В комнатах царил полный разгром. На полу валялись разные вещи — чулки, платья, газеты, а в самой большой, в которой, по моим предположениям, жили старики, пол был покрыт слоем писем и фотографий. Эта комната была самой светлой, и при ярком солнечном свете разгром казался особенно ужасным. Я представила, как сапоги ходили по этим белым листочкам и пожелтевшим фотографиям, хранившимся много лет как самое дорогое, трепетно старческими руками уложенным в шкатулочку, и привезенным сюда, и теперь, кем-то выброшенным, как ненужный хлам, и растоптанным… Я подняла одну из фотографий. Это были сестры бабушки. «Нашей дорогой Марии на долгую память, — прочла я на обороте надпись, выведенную старинным тонким, витиеватым почерком, — от любящих сестер». Какое-то число… какой-то год… Девятый? Двенадцатый? А сейчас «дорогой Марии» шестьдесят пять лет и она в тюрьме…
Владимир Юрьевич сказал, где находится тюрьма.
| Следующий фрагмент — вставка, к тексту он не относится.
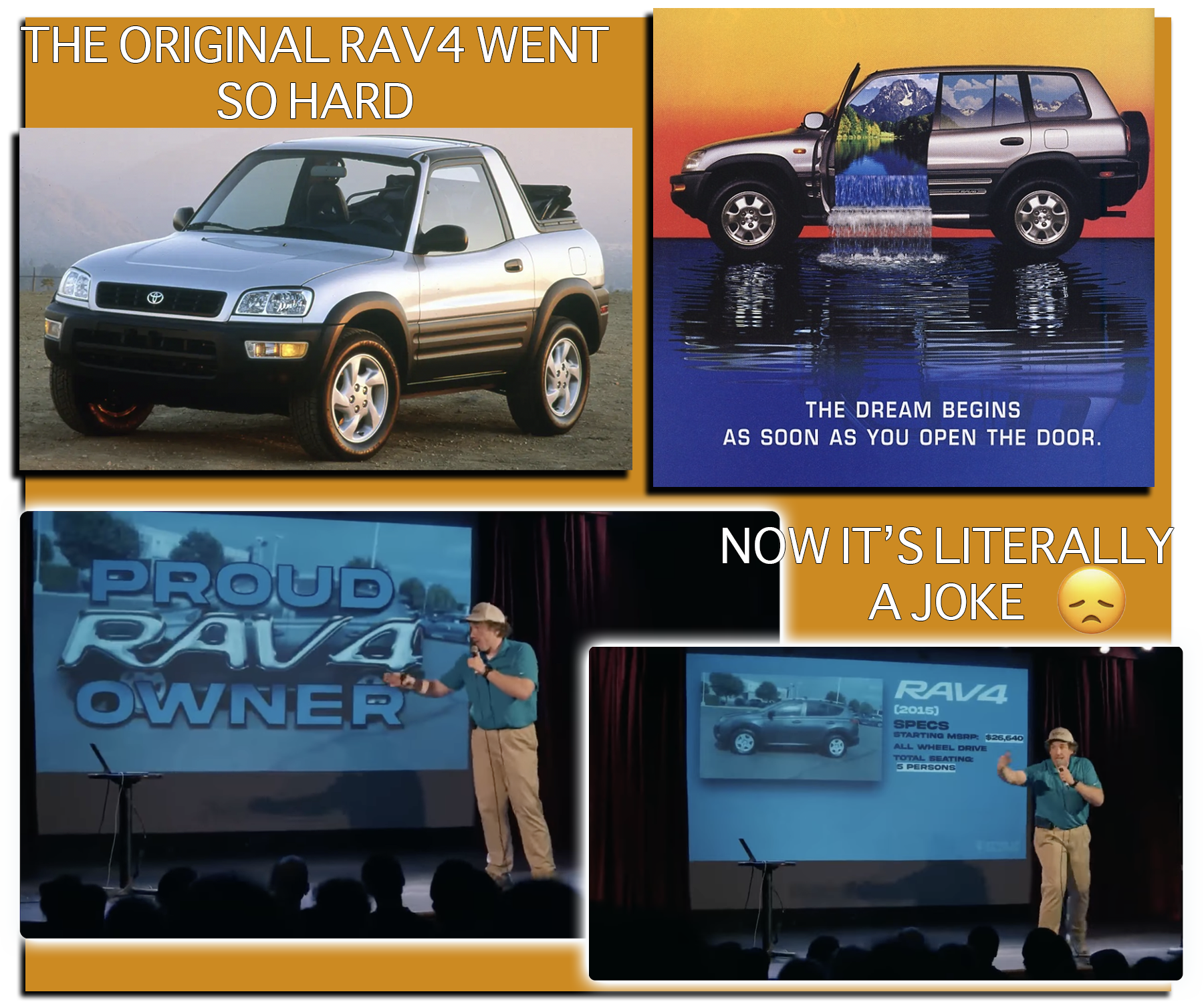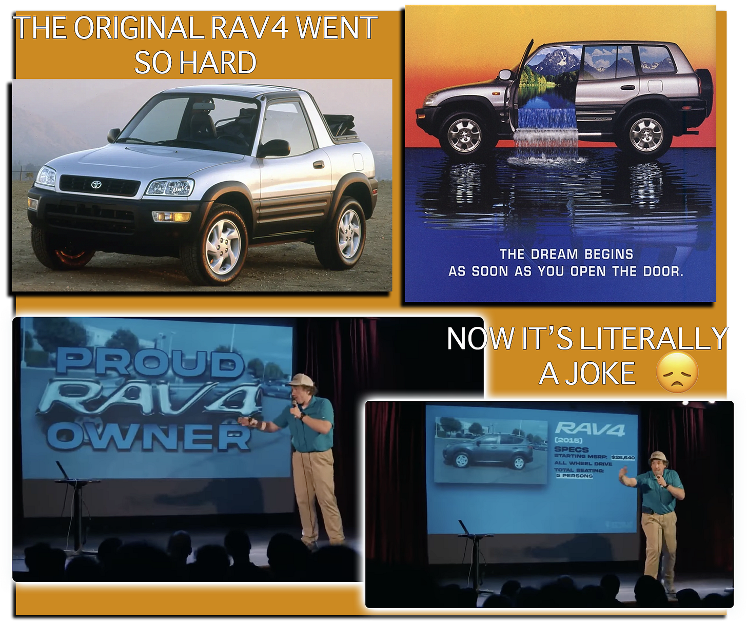 Blackbird Spyplane: There’s an extended bit about how much your character loves the Toyota RAV4. We love the RAV4 at Blackbird Spyplane, too, but only the early ones (above top row), which were so strange and cool-looking. Almost like an anime vehicle in real life. The OG two-door RAV4 feels emblematic of this moment when the American automotive market could still accommodate cars that tight. Whereas the newer RAV4s are not swag. They could be any SUV.

Сказал он также и о том, что разрешена передача денег в сумме 50 рублей.
Я тотчас пошла разыскивать тюрьму. Но мамы в ней не оказалось. Там были они все, кроме нее! Эта тюрьма называлась Внутренней, и была еще другая, и мне объяснили, как туда проехать. Мама, наверное, там. Где же еще? Ведь третьей тюрьмы в Астрахани нет.
На другой день чуть свет я подходила к огромному полю. Оно было полно народу. Кто сидел прямо на земле, вытоптанной до пыли, кто в одиночку, кто группами. Очень немногие стояли, наверное, не решаясь сесть в пыль и надеясь, что так они смогут простоять несколько часов. Где-то далеко, на том краю поля, виднелось какое-то здание. Мне сказали, что это и есть тюрьма, что весь этот народ — это очередь к ней и что я должна найти последнего.
Шесть часов под палящими лучами солнца я приближалась к маленькому окошку. Шесть часов я надеялась, что передам маме 50 рублей и она обрадуется, поймет, что я здесь, что я на свободе, пока на свободе… Через шесть часов я назвала мамино имя и сунула в щель под едва приподнятым непрозрачным стеклом окошка свои 50 рублей. Но у меня их не взяли, а стали сначала сверяться по спискам. Я слышала шелест переворачиваемых страниц. Потом мне сказали:
— В списках не значится. Выбыла. Следующий.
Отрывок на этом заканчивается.